◆ Requirement
One part of the entries below is wanted: the lines from the one containing "在溶化的巧克力液里加入细砂糖,并搅拌均匀。冷却" through the one containing "Arrived quickly. It". Write those out exactly and nothing else.

◆ Material provided
= = = = =

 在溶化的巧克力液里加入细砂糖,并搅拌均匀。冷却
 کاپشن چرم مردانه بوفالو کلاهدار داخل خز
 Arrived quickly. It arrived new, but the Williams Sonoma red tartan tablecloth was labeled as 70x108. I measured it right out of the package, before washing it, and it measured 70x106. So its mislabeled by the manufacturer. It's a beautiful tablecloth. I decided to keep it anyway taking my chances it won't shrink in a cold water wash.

= = = = =

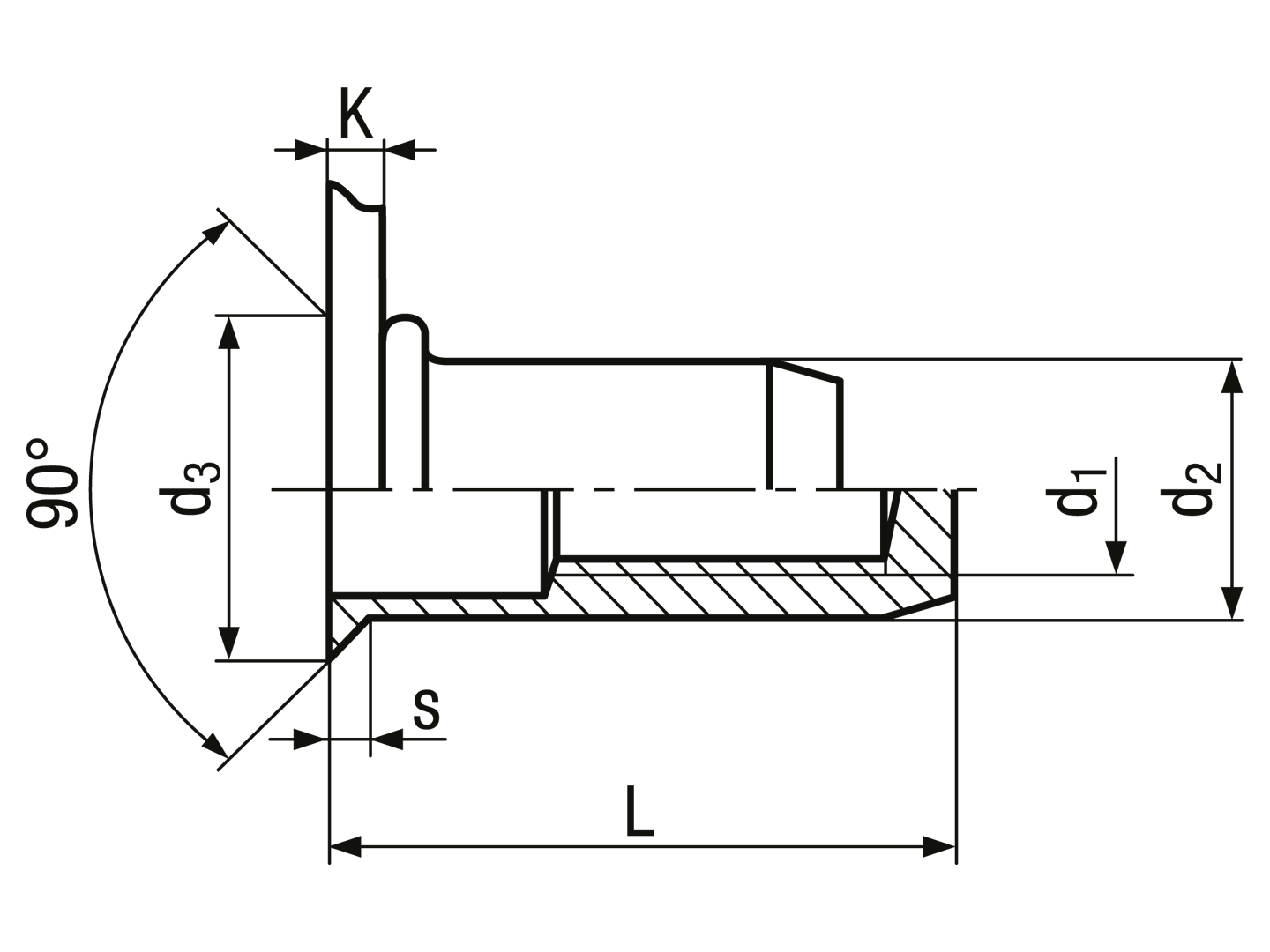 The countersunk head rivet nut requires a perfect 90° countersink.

= = = = =

◆ Problem solution
 在溶化的巧克力液里加入细砂糖,并搅拌均匀。冷却
 کاپشن چرم مردانه بوفالو کلاهدار داخل خز
 Arrived quickly. It arrived new, but the Williams Sonoma red tartan tablecloth was labeled as 70x108. I measured it right out of the package, before washing it, and it measured 70x106. So its mislabeled by the manufacturer. It's a beautiful tablecloth. I decided to keep it anyway taking my chances it won't shrink in a cold water wash.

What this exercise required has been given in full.